Fiction, Faith and Fact

When fiction becomes confused with fact, we sever our critical tether to reality. The conclusions from years of careful research, scrutinized by competing scientists and published in peer-reviewed journals carry no more weight with the public than the random thoughts of a bloated pundit. Talking heads with no training now have the same authority as highly qualified experts. So global warming is dismissed as a liberal hoax in spite of a preponderance of scientific evidence. Climate and weather are mistakenly thought to be the same so that with every winter storm comes the pathetic and childish assertion that the world could not be getting hotter. When presented with evidence, skeptics selectively demand more "proof" without understanding what that concept means in scientific inquiry. Yet, with considerable irony again, when we are not discussing climate change, many hold beliefs securely for which there is no proof at all, the flipside consequence of misunderstanding the scientific method. The anti-vaccine movement demands no proof of the link to autism, which has been thoroughly discredited. They simply believe.

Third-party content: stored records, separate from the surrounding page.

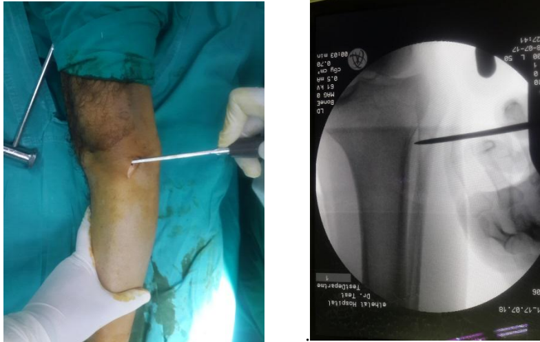
Figure (2): Upper tibial osteotomy : skin incision is small medial 1-2 Cm incision in upper tibia just distal to tibial tuberosity

2-Upper tibial osteotomy: skin incision is small lateral 1-2 Cm incision in upper tibia just distal to tibial tuberosity.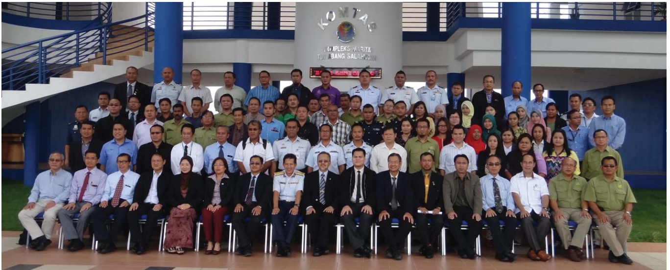
Photo: Group photo

The Convention on International Trade in Endangered Species of Wild Fauna and Flora (CITES) Inter-Government Agencies Consultation and Capacity Building Seminar 2013 was organised by the Forest Department Sarawak (FDS) on 30 October 2013 at Kompleks Maritim Tun Abang Salahuddin (KOMTAS), Jalan Bako, Muara Tebas, Kuching. The Seminar was attended by approximately one hundred (100) participants from various agencies such as the Ministry of Natural Resources and Environment (MNRE), the Royal Malaysia Customs Department, the Royal Malaysia Police, the Forest Department Sarawak, the Department of Fisheries, the Department of Agriculture, Agriculture Institute Sarawak, the Sarawak Industry Development Corporation (STIDC), Kuching Port Authority and Hardwood Timber Sdn Bhd, Sarawak Timber Association (STA) and Sarawak Forestry Corporation.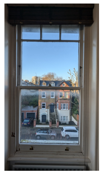
Living room W4 (see drawing file #01)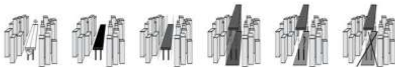
Fig. 2: The six impacts of elevated highways in urban areas as explored and illustrated by Saouma

Saouma (2008) conducted a thorough analysis of the impact of elevated highways in the urban area. Her findings revealed six (6) types of impacts: [1] Symbol of progression, increase accessibility and mobility; [2] Dominant structure in urban fabric; [3] Segregate community or neighbourhood, become physical and psychological barrier and visual intrusion; [4] Produce undefined space which often misused; [5] Allow minimum natural lighting and poor ventilation at space under the elevated structure and [6] Generate negative spaces or lost spaces which always been neglected. The six impacts are shown in Figure 2.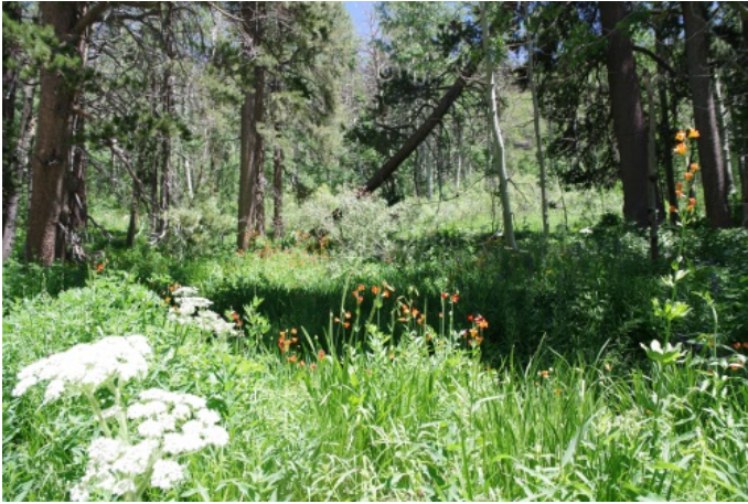
Wildflower meadow near Marlette Lake.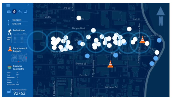
West Palm Beach Mobility Intelligence Testbed smart streetscape technologies.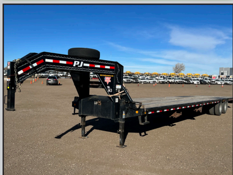
2020 PJ 40' GOOSENECK EQUIPMENT TRAILER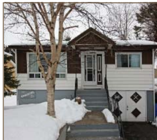
Conception Bay South $169,900

Demand for housing in St. John's remains healthy, particularly among first-time buyers, despite a decline in year-to-date sales. Buyer's market conditions and the best choice of product in years have buoyed the entry-level segment, along with wage gains, economic growth and rising consumer confidence levels. Affordability continues to be favourable, with increased earnings offsetting the more moderate price growth of late. Most young homebuyers are now active from $200,000 to $250,000. Those buying new construction will have to ante up more—typically between $230,000 and $280,000 to start—as the price of new construction has risen at a greater rate. Those on a tight budget will find that homes listed below $200,000 are few and far between and tend to sell for close to full price, if listed at fair market value. Some even generate a rare multiple offer. To illustrate the supply issue, only 34 homes have sold year-to-date under $175,000, accounting for just 10 per cent of all sales, and only 39 listings under that price point are currently available. Given that, buyers at the lowest end of the price spectrum will have to act more quickly. The housing mix in St. John's continues to favour the single-detached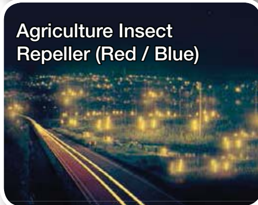
Agriculture Insect Repeller (Red / Blue)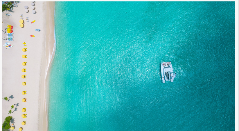
Anguilla is known for her spectacular beaches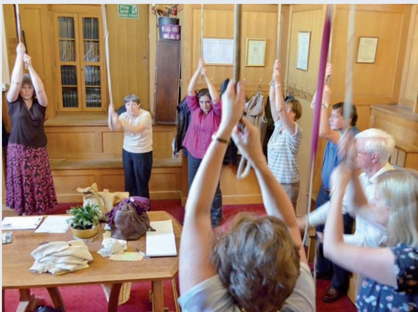
■ Ringing at St Martin-in-the-Fields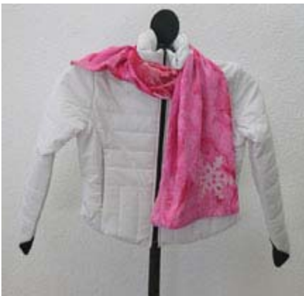
Snowflake – Pink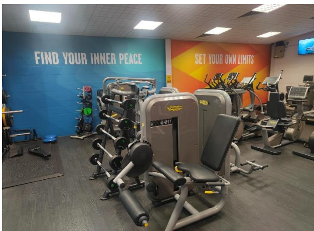
Gym refurbishments at Belvoir Activity Centre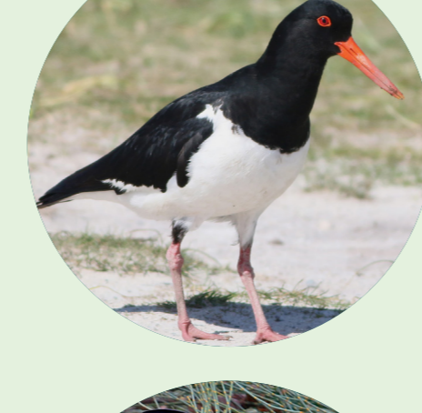
Pied oystercatcher Haematopus longirostris NSW status: Endangered National status: Not listed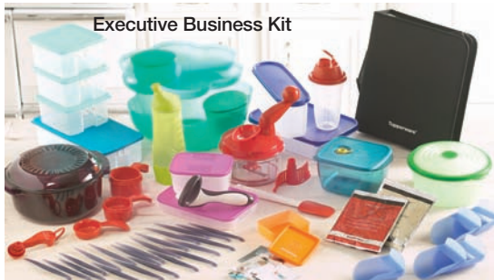
Executive Business Kit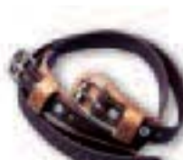
86N - 28"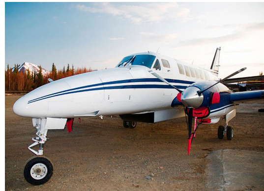
Beech 99 Engine Plugs & Prop Ties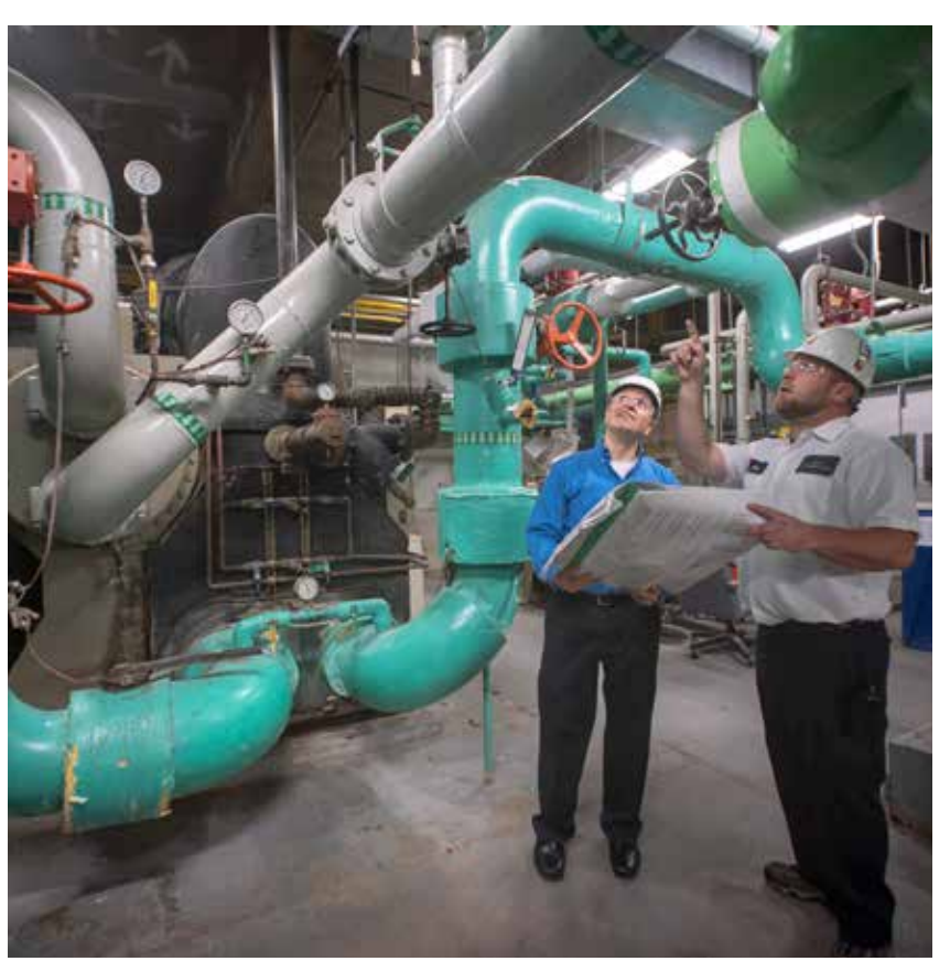
Before the building's new chiller can be installed, the old boilers and chillers have to be moved out from the building's subbasement.

replaced. Everything will be tied in with the new Building Automation System."

This elevation of faith to fact, and confusing belief with evidence, has real consequences. Nowhere can that be seen more clearly than in conservative opposition to President Obama over the past seven years. By untethering ties to reality, by claiming faith is sufficient proof of any belief, the GOP can with a straight face blame Obama for everything bad, no matter how far removed from Obama in reality, and give him credit for nothing good, independent of how directly his actions led to that good. No leap of logic or time or reason is too great for them to link Obama with something unpleasant, and no cause and effect, no matter how obvious or self-evident, is too strong for them to dismiss, reject or ignore. Facts do not matter.

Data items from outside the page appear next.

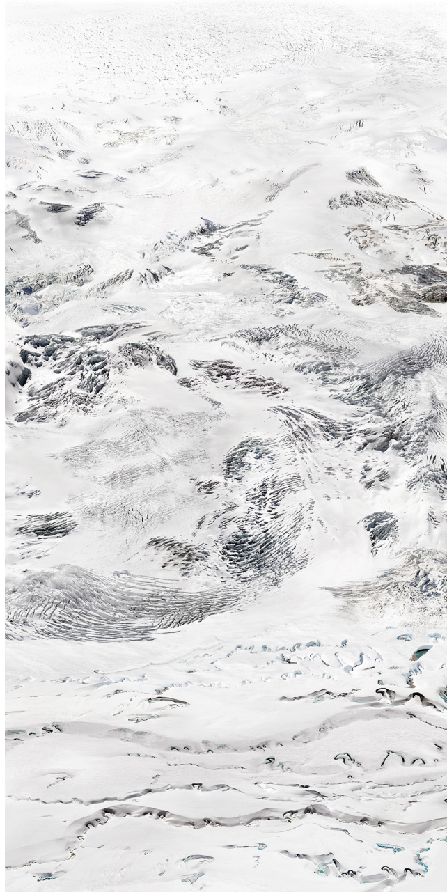
Georg Küttinger, Gornergletscher , 2016 archival pigment print, edition of 5, 78 ¾ x 39 ¼ inches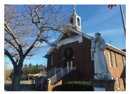
St. Anthony's Church

436 Pennington Avenue Waterford, NJ 08089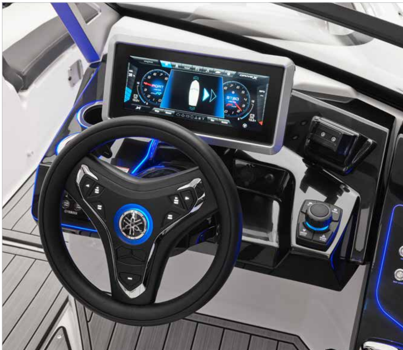
INTRODUCING DRIVE X - LOW-SPEED HANDLING AND DOCK-ASSIST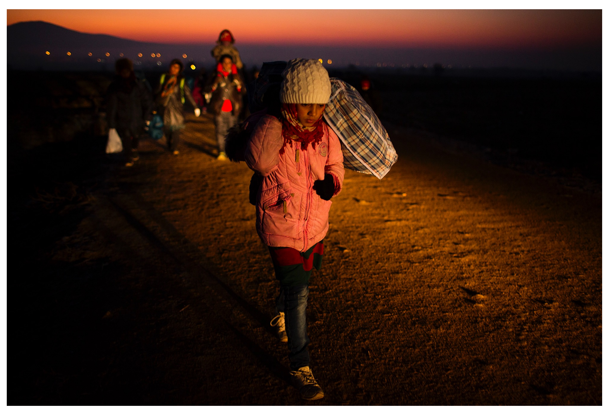
Young Syrian girl carrying the family's belongings, leading the way across the border to Serbia.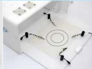
Cutting & Dissecting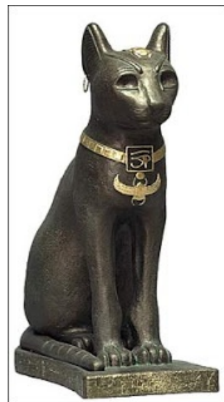
Cat Goddess Bastet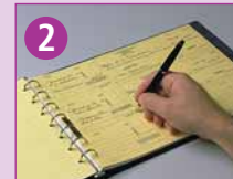
Copy the information onto the stub.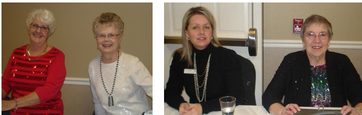
The Ladies at the Front Desk (above)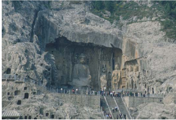
Fig.1- Longmen Caves. Fengxiansi Shrine.

The idea that the GOP has substituted faith for fact is easily enough proven. Take any area of improvement -- lower unemployment, rising stock market, declining gas prices, an expanding economy, health care -- and then ask any conservative friend if Obama can be credited for any of that. When the inevitable answer is no, ask the following question: Is there any circumstance, any result, any area of improvement that can be attributed to Obama? Elevated gas prices were his fault, but prices lowered in spite of him. He was blamed for the declining stock market he inherited, but given no credit for a market that more than doubled during his tenure. His economic policies were blamed for high unemployment, but those same polices have nothing to do with rates falling below 6 percent. What could Obama have done, what outcome could we have seen, for which a conservative would be willing to credit him? The untenable but predictable answer is none, at least in the faith-based world of conservatives.

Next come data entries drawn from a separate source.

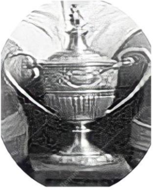
Ipswich Challenge Cup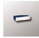
L503W 1-9/16" x 6-3/4"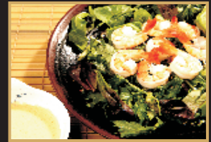
Shrimp Salad Boiled shrimp with spring mix salad $10.95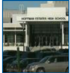
High school teacher caught living with student 3 days ago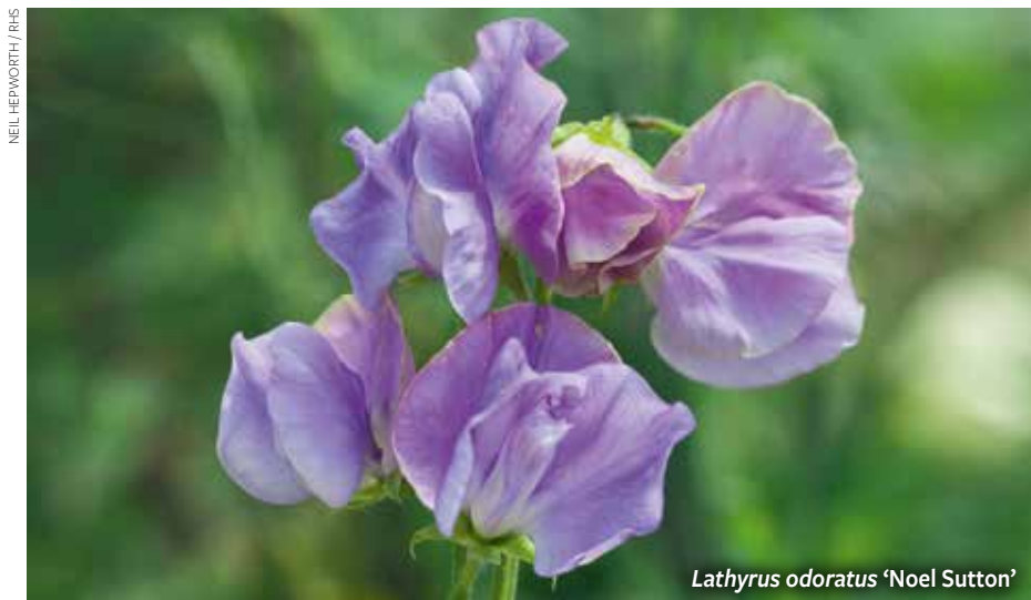
Lathyrus odoratus 'Noel Sutton'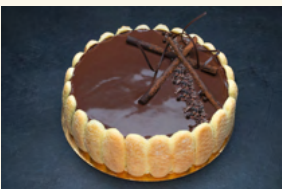
TIRAMISU 9" $28.00 (each)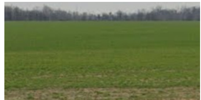
View from Starlanding Rd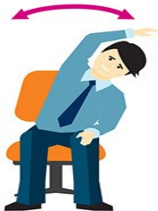
BEND 5-10 seconds / 3 times

We can only come to this deep divide, this unbridgeable political chasm, because political opponents simply cannot admit that the other side has had any success. And that position is possible in the face of undeniable success only because facts are rejected as nothing but inconveniences, easily dismissed as irrelevant to the greater ideal of faith. This slide away from an objective reality is the primary cause of extreme polarization because faith allows for the creation of an alternative universe in which an opponent is easily demonized by dismissing ameliorating facts. A big leap it is not from believing in god and the devil to believing in anything at all, including that the president is a radical Christian but also a Muslim and a foreign-citizen socialist who will take your guns away. Facts don't matter; we create a fictional order in the face of randomness and then call that real, and the chasm becomes ever wider. Faith and ignorance are not benign, and they become downright dangerous when they are confused with rationality. Pareidolia is great for a kid lying in the grass looking up skyward; it's not so great as a foundation for a political movement.